Alex looked for the cameras. He didn’t have much hope of escape, but he had to try. He wondered if he could spot the ones that had caught him. None catch his eye. Either the first floor is not where the cameras caught him, or the cameras in use were too small or well hidden to be seen.

He was led into the basement, into a windowless room that smells like chemicals. A stack of blue plastic bins in on one side, with another brown carpet rolled into the corner.

“Wait,” Alex said, before his captor could leave. His voice came out harsher, and hoarser, than intended. Enobakhare paused.

“Can you untie my hands?” Alex asked, trying to keep an edge of pleading from his voice. “Or bring me a blanket, please.”
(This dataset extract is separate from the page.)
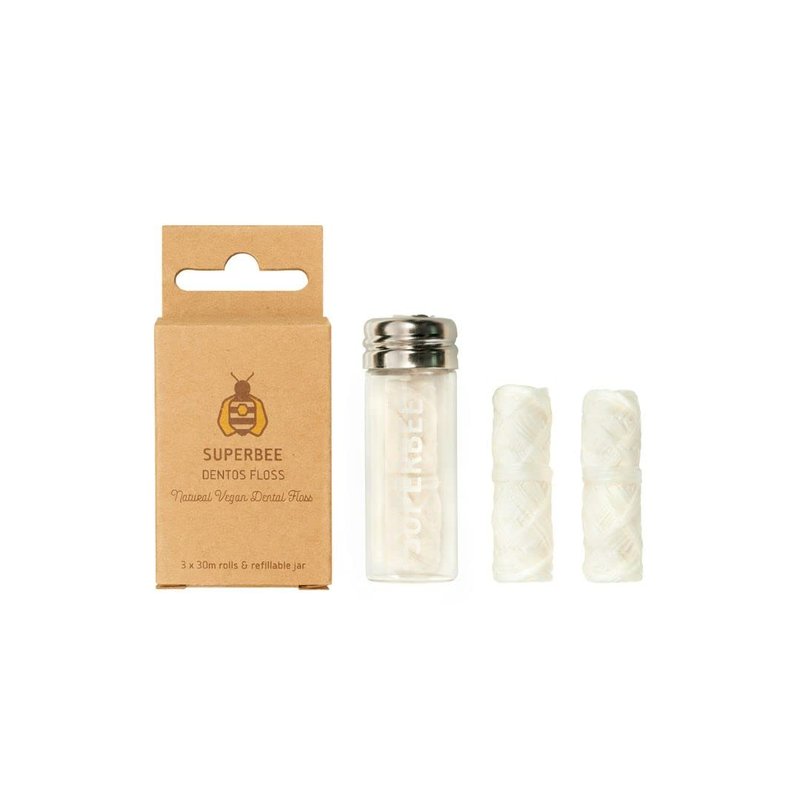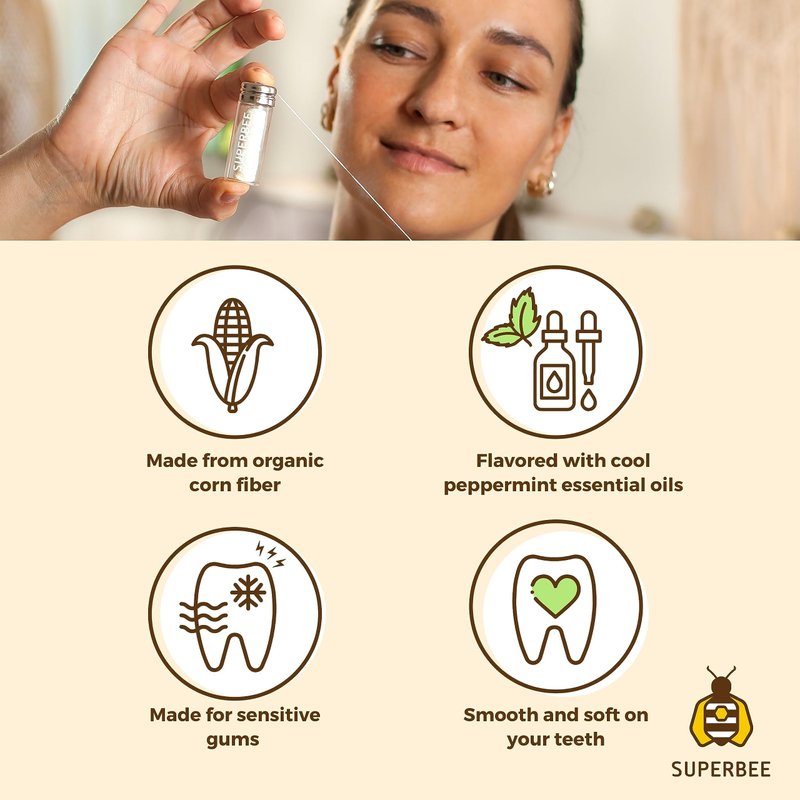 SuperBee Dentos Floss, 3 spools Dental Floss, Vegan and Natural Corn Fiber Floss, for Sensitive Gums Kids and Adults, Peppermint Flavored Natural Floss, Natural Dental Floss, Oral Care Routine
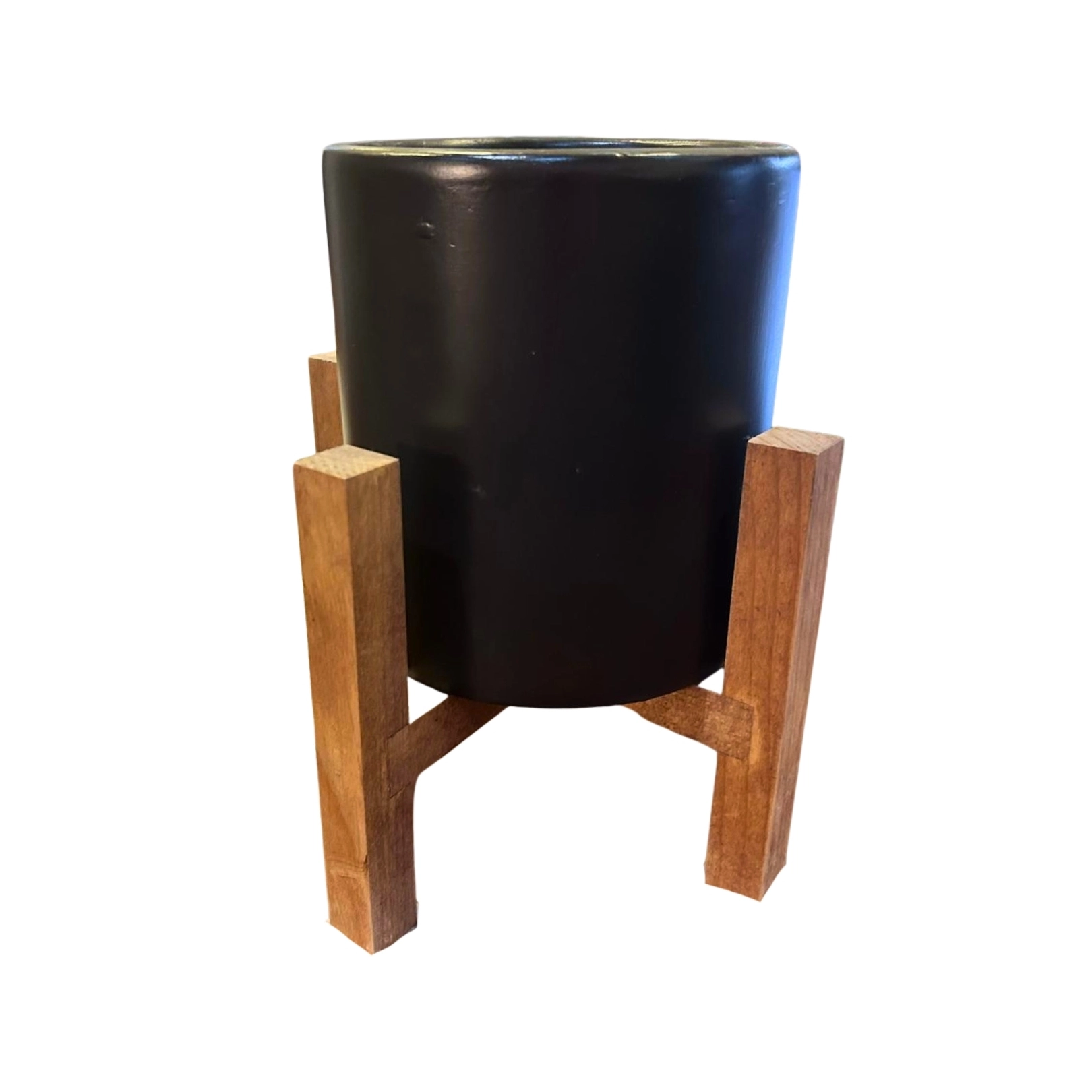 Maceta cilíndrica de cerámica mate oscura con base de madera. Diseño moderno para tus plantas

The Nigerian paused, uncertain. Alex shivered, half an act to try and convince the man, and half from bone deep cold. “How long were you spying on me?”

“Since a week after we came here. I thought they were wrong to be suspicious of you,” Enobakhare admitted.

“Did you get a pay raise for it? Spending your free time with a moody teenager?”

“I didn’t need a pay raise. I told you I liked you. I still do. Even now.”

Alex stared at the man. “You spent the morning torturing me.”

Enobakhare stared back. “You spent the last two months spying on us.”

Alex shivered. “Please.”

“You know, Alex, I think you'll survive.”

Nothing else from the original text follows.